Als es Hasard zu viel wurde, pfiff er einmal durch die Finger. Die beiden standen wie aus dem Boden gewachsen vor ihm und bauten sich rechts und links vor ihm auf.

Hasard strich ihnen über die schwarzen Haare und beugte sich ein wenig hinunter.

„Genug jetzt, Hasard und Philip“, sagte er, preßte die Hände zusammen und legte sie unter den schiefgehaltenen Kopf.

„Jetzt geht es in die Kojen, ihr Banausen. Schlafen, verstanden?“

„Aye, aye, Sir“, ertönte es im Chor, und beide grinsten wie auf ein geheimes Kommando.

„Dann ab mit euch!“

Wenn Hasard etwas sagte oder durch Zeichen andeutete, wie eben das Schlafen, begriffen die beiden sofort. Sie wurden brav wie die Lämmer und marschierten ab.

Der Seewolf sah ihnen nach und lächelte, wie sie einträchtig nebeneinander gingen, die kleinen Entermesser stolz im Leinengürtel tragend, die sie Ferris Tucker in einer schwachen Stunde abgeluchst hatten. Dabei hatten sie mit ihm gefeilscht – in der ausgekochten Manier altorientalischer Bazar-Händler, bis Tucker endlich nachgegeben hatte.

Die beiden waren sehr selbständig, clever und mit allen Wassern gewaschen, obwohl sie erst sieben Jahre alt waren. Aber die Selbständigkeit hatten sie bei der Gauklertruppe gelernt und bei jenen Leuten, die mit ihnen durch den ganzen Orient gezogen waren.

Auf der Sandbank ging das Gebrüll weiter. Fluchende und schwitzende Männer brachten einen weiteren Anker aus, um sich mit deren Hilfe von der Sandbank zu ziehen. Mancher Tropfen Schweiß wurde dabei vergossen, und zwischen den Leuten bewegte sich brüllend und fluchend der Profos der „Elizabeth Bonaventura“, ein grobschlächtiger Kerl, bärbeißig und voller Grimm, der die Leute fast pausenlos anbrüllte und auch mit der Faust nach ihnen schlug.

„Der kann es bald noch besser als du, Ed“, sagte Smoky grinsend.

Carberry warf dem Decksältesten einen finsteren Blick zu.

„Das bezweifle ich“, sagte er, „oder soll ich es dir erst beweisen?“

„Ich glaube es dir auch so“, versicherte Smoky hastig.

Brighton legte dem Profos einen Arm auf die Schulter.

„Wenn man ins gesetzte Alter kommt, wird man ruhiger“, sagte er grinsend. „Oder könnt ihr euch über Ed beschweren?

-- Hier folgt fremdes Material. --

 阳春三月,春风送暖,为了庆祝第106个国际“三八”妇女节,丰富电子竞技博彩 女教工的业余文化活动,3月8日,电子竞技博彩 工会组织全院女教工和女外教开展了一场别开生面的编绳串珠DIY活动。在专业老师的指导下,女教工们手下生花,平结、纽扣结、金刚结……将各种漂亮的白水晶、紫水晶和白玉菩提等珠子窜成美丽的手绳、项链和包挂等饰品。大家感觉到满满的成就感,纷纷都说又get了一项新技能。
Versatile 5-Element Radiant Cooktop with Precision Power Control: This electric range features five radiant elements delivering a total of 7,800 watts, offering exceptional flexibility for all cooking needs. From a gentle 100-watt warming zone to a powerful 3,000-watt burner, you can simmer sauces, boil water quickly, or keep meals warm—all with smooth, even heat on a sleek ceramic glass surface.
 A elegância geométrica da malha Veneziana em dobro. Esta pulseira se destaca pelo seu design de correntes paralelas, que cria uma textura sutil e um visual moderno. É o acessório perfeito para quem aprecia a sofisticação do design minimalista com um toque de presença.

Er ist wirklich etwas ruhiger geworden, weil er eine gut eingespielte Mannschaft hat und keine Hitzköpfe.“

„Was – gesetztes Alter?“ rief Carberry. „Das könnt ihr zum alten O’Flynn oder zu Will Thorne sagen, ihr lausigen Affenärsche, aber nicht zu mir! Ich bin noch lange nicht im gesetzten Alter, auch wenn ich mir in aller Ruhe ansehe, wie diese Schlickrutscher sich abmühen, ihren Kahn wieder flottzukriegen.“

Daraufhin wandten sich die Blicke der anderen wieder Drake und seiner Mannschaft zu, die sich immer noch erfolglos abmühten, das große Schiff von der Sandbank zu ziehen.

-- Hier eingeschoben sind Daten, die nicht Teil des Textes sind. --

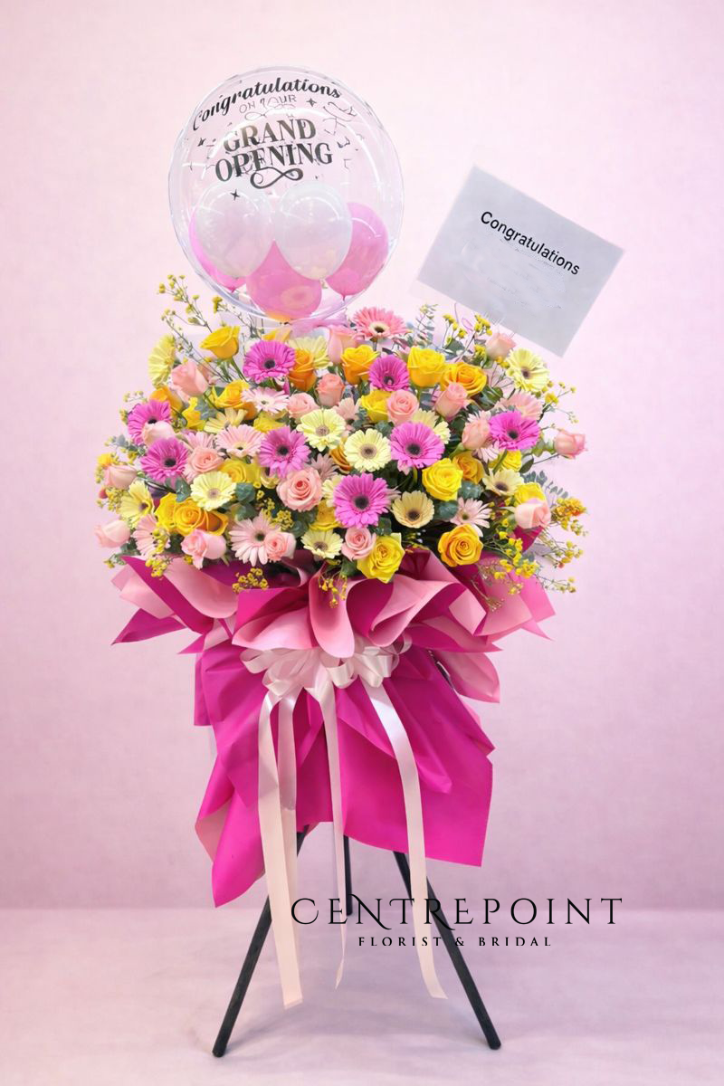 One layer congratulatory flower stand with special confetti balloon for any grand openings or happy ceremonies. Send your blessings and best wishes to the ones you care.
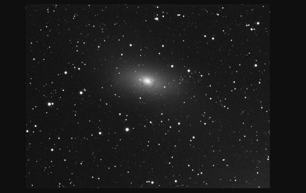 Przy okazji testów rękodzieła trzymającego system fokusujący w kupie z wyciągiem, udało mi się na 5-cio minutowej klatce luminacji złapać kilka struktur wokół jądra M110, małej siostrzyczki Mgławicy Andromedy. Chyba zasadzę się na tą niepozorną galaktyczkę na poważnie.

„Wetten, daß sie es nicht schaffen?“ fragte Gary Andrews. „Die murksen morgen noch daran herum.“

„Das schaffen sie auch nicht“, versicherte der Rudergänger Pete Ballie, der die „Isabella“ so haarscharf und exakt an den Sandbänken vorbeigesteuert hatte. „Die sind viel zu hart aufgebrummt, und wenn sie nicht leichtern, bleiben sie hocken.“

Ferris Tucker, der rothaarige Schiffszimmermann, lehnte sich an die Nagelbank des Großmastes zurück.

„Das gibt einen Mordspaß, wenn sie die schweren Kanonen aus dem Batteriedeck hieven“, sagte er. „Drake wird einen Tobsuchtsanfall kriegen.

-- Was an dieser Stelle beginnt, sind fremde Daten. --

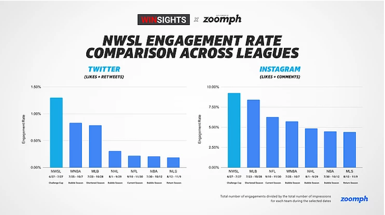National Women’s Soccer League (NWSL) viewership swelled 493 per cent for their 2020 Challenge Cup and 500 per cent year over year, LPGA viewership increased 21 per cent and this year’s U.S. Open tennis final between Naomi Osaka and Victoria Azarenka averaged 2.1 million viewers on ESPN.
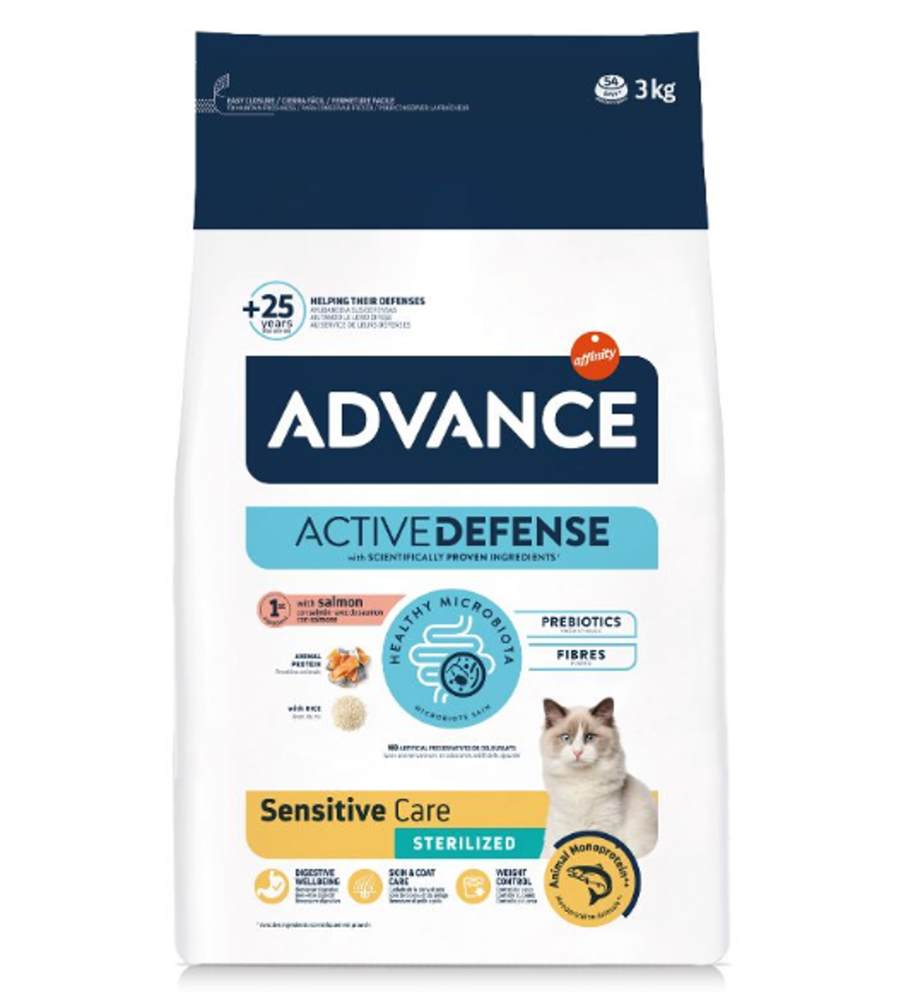 Advance Sterilized Adult Sensitive Care מזון יבש ומלא לחתולים בוגרים ומסורסים/מעוקרות המתאים לרגישויות למזון. פותח במיוחד כדי לעזור לעיכול של החתול הבוגר המסורס/מעוקרת שלך. מכיל סלמון כמקור חלבון יחיד מן החי ואורז. מתכון מונופרוטאין מהחי קל לעיכול, ללא סויה או ביצה. מסייע בשמירה על המשקל, הודות לתכולת הסיבים שלו, ותכולת שומן וקלוריות מתונה. תורם לעור בריא ולפרווה מבריקה הודות לחומצות שומן אומגה 6 ואומגה 3 ואבץ. גודל הכופתיות מותאם לפה של חתול בוגר.

Später wird er auf die Idee verfallen und doch noch Hasards Hilfe annehmen.“

„Das glaubst du doch selbt nicht“, sagte Tuckers Freund Carberry und tippte sich mit dem Finger an die Stirn. „Der stolze Drake krepiert lieber auf der Stelle, als daß er das Angebot annimmt.“

„Da kommt Hasard“, sagte der Kutscher, „hören wir doch mal seine Meinung über Drake.“

Der Seewolf erschien in der Kuhl und blickte auf das Gewimmel. Unzählige Leute schufteten im Schein blakender Schiffslaternen. Es war ein riesiges Gewimmel, auf den ersten Blick ein scheinbares Durcheinander, und es sah so aus, als wüßte niemand, was er eigentlich tat.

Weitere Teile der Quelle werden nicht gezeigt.